I really need your help, because it's the second time btrfs ate my data in
a couple of days and I can't use my laptop if I don't find the culprit.
This was the mail I sent a couple of days ago:
https://www.spinics.net/lists/linux-btrfs/msg54754.html
I previously thought the culprit was a bug in kernel 4.6-rc, but I was
wrong.
Then I reinstalled the whole system (Arch Linux) from scratch, and after
just two days I lost some of my data, again. Once again btrfs check
--repair got stuck in an infinite loop and I can't repair my fs. The system
has always been shutdown properly, except for a single time when I had to
forcedly power it off just after the boot because I didn't see any signal
on the screen.
First the obvious things:
- memory is ok
(https://drive.google.com/open?id=0Bwe9Wtc-5xF1VnJ0SE9fT1FZMTg)
- disk is ok
(https://drive.google.com/open?id=0Bwe9Wtc-5xF1NGRhd2daVDRJVGc)

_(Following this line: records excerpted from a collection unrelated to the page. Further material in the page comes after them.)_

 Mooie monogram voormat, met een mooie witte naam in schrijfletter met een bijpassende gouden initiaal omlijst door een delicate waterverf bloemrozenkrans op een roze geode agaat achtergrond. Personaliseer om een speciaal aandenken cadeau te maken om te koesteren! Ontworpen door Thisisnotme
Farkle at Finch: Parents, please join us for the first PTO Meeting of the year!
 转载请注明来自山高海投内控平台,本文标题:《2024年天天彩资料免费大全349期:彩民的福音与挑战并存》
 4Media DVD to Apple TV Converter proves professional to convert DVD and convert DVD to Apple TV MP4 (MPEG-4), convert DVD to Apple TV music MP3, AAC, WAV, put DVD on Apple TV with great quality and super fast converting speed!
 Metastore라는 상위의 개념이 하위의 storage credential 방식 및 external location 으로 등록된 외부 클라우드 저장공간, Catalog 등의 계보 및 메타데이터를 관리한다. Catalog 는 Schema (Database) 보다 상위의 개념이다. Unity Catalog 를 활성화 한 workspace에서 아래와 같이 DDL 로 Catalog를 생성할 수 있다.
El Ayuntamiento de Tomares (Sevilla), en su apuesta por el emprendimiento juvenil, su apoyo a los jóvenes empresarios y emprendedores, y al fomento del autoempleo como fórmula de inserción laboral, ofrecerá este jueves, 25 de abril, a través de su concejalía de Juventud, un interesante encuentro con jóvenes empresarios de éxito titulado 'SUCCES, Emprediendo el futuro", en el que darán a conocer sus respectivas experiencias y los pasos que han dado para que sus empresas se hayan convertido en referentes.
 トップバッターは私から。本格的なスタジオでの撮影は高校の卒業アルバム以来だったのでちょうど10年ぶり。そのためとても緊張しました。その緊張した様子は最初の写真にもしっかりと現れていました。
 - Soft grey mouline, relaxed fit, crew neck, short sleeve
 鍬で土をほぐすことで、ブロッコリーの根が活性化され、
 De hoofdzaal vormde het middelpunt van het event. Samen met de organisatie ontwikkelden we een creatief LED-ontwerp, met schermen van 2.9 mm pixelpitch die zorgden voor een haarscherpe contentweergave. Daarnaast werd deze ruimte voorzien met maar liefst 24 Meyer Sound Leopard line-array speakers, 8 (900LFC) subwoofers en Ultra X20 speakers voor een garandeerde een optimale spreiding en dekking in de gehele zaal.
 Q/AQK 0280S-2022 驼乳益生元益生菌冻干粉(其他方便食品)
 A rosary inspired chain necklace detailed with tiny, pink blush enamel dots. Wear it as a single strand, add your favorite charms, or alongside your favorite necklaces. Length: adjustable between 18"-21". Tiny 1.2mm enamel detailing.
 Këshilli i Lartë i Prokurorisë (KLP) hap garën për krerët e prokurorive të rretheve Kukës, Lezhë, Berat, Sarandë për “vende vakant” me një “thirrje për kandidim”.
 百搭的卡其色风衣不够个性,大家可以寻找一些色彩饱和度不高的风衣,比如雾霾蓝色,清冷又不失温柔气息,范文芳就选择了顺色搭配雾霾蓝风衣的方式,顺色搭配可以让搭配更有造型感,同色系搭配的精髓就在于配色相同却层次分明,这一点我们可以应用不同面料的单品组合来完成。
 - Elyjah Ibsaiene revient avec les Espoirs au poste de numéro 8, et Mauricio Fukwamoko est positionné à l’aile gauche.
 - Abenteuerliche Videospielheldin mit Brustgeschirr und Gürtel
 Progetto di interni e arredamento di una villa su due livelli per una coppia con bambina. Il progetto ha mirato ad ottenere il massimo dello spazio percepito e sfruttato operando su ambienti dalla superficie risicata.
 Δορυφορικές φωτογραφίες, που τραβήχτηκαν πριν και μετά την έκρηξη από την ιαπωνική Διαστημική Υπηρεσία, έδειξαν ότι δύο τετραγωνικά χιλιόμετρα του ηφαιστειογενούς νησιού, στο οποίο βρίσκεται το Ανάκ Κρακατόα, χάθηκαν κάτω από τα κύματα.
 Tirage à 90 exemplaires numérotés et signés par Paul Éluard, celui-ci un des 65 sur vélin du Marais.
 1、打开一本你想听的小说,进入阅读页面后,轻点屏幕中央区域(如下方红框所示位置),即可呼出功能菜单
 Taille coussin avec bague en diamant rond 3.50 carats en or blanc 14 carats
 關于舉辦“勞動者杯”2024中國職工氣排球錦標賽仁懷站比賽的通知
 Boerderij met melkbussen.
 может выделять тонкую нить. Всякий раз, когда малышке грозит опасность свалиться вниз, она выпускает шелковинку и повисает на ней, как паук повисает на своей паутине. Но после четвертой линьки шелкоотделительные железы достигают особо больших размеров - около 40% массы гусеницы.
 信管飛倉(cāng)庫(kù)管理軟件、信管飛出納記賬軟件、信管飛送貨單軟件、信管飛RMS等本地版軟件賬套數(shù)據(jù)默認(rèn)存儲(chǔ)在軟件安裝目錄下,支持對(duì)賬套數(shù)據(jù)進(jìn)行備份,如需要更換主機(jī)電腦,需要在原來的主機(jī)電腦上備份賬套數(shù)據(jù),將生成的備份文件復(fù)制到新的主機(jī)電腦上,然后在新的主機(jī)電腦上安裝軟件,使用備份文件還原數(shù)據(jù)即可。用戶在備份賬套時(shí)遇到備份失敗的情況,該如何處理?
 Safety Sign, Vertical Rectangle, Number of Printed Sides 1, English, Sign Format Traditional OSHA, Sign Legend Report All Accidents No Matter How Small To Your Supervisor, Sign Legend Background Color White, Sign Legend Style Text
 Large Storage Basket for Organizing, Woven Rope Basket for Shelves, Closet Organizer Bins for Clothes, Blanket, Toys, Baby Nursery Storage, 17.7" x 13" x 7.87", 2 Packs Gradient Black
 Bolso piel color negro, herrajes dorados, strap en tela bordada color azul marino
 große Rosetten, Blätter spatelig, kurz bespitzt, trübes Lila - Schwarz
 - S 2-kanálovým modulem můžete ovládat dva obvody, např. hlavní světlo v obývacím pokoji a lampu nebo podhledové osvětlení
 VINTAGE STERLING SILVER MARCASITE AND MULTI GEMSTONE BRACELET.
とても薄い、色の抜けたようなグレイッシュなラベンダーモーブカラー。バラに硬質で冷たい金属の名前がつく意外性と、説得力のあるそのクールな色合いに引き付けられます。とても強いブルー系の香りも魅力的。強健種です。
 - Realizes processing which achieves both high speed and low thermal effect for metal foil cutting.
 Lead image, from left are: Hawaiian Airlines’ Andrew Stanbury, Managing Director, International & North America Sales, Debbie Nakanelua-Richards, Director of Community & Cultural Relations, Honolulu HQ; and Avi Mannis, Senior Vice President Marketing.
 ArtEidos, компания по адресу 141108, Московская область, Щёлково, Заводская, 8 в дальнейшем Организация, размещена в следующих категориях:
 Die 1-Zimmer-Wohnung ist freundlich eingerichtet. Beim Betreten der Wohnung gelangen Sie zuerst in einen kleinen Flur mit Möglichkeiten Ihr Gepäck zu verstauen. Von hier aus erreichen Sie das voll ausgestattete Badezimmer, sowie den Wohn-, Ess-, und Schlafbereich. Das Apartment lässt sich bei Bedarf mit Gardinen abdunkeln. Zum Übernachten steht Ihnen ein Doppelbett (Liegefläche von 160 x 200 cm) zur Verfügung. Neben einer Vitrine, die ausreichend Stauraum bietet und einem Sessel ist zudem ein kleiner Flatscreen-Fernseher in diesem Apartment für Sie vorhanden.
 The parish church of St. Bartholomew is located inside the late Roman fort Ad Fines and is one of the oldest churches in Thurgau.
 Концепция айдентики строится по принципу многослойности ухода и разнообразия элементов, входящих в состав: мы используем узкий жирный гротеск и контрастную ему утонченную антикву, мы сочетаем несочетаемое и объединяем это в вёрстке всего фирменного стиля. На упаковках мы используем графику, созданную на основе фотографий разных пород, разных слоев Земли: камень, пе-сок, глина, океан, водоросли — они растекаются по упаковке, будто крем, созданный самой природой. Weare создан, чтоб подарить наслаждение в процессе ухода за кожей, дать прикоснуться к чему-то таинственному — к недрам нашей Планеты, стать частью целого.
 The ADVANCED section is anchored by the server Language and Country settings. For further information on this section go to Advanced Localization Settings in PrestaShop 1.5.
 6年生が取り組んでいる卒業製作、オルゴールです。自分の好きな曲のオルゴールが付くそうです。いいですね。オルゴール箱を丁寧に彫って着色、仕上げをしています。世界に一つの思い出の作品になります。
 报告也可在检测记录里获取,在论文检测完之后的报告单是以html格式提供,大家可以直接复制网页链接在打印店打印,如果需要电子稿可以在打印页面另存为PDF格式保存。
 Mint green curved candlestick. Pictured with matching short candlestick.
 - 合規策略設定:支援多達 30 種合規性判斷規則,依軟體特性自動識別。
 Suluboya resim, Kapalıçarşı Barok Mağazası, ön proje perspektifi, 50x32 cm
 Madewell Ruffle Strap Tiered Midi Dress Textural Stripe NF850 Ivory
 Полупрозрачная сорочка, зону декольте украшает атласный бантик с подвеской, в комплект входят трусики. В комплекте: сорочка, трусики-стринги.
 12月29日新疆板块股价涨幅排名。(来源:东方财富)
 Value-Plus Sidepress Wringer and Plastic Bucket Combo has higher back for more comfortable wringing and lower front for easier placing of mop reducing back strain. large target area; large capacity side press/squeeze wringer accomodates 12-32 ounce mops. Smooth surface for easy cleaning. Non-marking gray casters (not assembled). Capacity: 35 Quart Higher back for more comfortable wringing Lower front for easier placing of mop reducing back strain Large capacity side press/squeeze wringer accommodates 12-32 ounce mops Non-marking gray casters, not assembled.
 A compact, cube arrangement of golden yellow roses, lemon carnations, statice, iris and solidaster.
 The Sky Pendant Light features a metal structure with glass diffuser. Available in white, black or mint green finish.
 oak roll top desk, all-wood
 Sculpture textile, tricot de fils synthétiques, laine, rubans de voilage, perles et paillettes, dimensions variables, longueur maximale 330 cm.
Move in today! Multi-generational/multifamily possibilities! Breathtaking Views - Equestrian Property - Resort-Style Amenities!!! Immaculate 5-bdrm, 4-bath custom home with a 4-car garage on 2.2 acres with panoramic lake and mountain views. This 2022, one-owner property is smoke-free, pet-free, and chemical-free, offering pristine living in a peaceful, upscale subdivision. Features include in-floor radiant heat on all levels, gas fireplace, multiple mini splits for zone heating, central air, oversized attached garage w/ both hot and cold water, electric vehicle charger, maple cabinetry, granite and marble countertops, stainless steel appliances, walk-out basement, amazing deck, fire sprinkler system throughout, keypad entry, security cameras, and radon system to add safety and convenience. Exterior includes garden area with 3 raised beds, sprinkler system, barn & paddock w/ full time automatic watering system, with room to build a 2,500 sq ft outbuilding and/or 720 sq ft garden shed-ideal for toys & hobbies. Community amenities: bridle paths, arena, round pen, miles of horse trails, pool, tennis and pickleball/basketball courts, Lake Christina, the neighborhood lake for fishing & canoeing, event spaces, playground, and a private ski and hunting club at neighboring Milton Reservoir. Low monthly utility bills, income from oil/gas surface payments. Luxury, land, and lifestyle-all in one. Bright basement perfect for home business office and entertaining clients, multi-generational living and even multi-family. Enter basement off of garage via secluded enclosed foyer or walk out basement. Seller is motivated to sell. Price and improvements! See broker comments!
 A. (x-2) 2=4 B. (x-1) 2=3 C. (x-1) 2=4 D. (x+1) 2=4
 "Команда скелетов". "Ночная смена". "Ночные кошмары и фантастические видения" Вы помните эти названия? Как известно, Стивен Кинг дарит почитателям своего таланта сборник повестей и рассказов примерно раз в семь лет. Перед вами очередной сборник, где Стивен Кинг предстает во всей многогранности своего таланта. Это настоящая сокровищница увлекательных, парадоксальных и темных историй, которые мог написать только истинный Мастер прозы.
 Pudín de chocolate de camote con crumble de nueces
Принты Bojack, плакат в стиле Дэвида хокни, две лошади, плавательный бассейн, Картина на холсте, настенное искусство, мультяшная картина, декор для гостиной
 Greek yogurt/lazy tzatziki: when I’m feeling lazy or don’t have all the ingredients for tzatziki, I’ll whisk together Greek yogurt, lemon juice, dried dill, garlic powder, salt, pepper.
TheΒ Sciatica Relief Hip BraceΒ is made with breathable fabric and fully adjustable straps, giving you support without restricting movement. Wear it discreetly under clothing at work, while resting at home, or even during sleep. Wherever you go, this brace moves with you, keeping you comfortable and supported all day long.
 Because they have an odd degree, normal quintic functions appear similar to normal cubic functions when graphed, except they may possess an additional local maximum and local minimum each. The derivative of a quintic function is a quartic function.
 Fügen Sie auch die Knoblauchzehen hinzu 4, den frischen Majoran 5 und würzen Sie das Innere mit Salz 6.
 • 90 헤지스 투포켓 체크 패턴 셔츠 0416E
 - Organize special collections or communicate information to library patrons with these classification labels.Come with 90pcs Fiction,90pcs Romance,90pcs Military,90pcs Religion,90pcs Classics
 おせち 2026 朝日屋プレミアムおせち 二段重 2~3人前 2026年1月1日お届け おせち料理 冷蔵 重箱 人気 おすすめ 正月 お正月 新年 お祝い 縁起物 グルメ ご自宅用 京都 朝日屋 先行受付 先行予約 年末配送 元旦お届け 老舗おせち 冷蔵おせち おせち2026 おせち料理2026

- tlp has SATA_LINKPWR_ON_BAT=max_performance
(https://drive.google.com/open?id=0Bwe9Wtc-5xF1dFAwUE5ETVpNWGM)
- rootfs mount options:
rw,noatime,compress=lzo,ssd,discard,space_cache,autodefrag,subvolid=257,subvol=/@
- Command line: BOOT_IMAGE=/@/boot/vmlinuz-linux
root=UUID=4fc2278e-f6e8-4a21-8876-cabbf885bb2e rw rootflags=subvol=@
cryptdevice=/dev/disk/by-uuid/c7c8f501-507c-4bd2-a80a-8c7360651f02:cryptroot:allow-discards
quiet
- scrub didn't find any error:
$ sudo btrfs scrub status /
scrub status for 4fc2278e-f6e8-4a21-8876-cabbf885bb2e
scrub started at Thu May 5 00:57:30 2016 and finished after
00:00:45
total bytes scrubbed: 22.26GiB with 0 errors
I have the whole rootfs encrypted, including boot. I followed these steps:
https://wiki.archlinux.org/index.php/Dm-crypt/Encrypting_an_entire_system#Btrfs_subvolumes_with_swap
Disk is a SAMSUNG SSD PM851 M.2 2280 256GB (Firmware Version: EXT25D0Q).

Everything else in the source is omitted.